# A twelfth-century sarcastic attack on the Papacy



## Tim (Dec 22, 2008)

In his book, _How Should we Then Live_, Francis Schaeffer cites two quotes from the twelfth-century work, _Gospel According to the Mark of Silver_. According to Schaeffer, this work “...pictured the pope egging on his cardinals to fleece litigants at the papal court, using phrases deliberately mimicking Christ’s teachings:”



> “For I have given you an example, that ye also should take gifts, as I have taken them....”
> 
> Compare:
> 
> Joh 13:15 For I have given you an example, that ye should do as I have done to you. (KJV)





> “Blessed are the rich, for they shall be filled; blessed are they that have, for they shall not go away empty; blessed are the wealthy, for theirs is the Court of Rome....”
> 
> Compare:
> 
> Mat 5:3 Blessed are the poor in spirit: for theirs is the kingdom of heaven. (KJV)

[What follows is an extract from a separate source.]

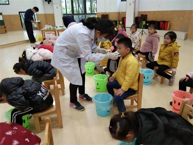 为了加强幼儿口腔卫生保健,有效预防幼儿龋齿的发生,11月25日上午,镇卫生院儿保科医护人员来园开展幼儿口腔氟化泡沫防龋护齿活动。

These things were written in the 1100's. A nice punchy attack on Rome, eh?


----------



## InevitablyReformed (Dec 22, 2008)

Especially that second one.


----------



## VirginiaHuguenot (Dec 22, 2008)

I have read parts of _Evangelium secundum marcas argenti_ online in English translation. There are Latin versions available too. I was wondering if that piece influenced Dante or Chaucer at all.


----------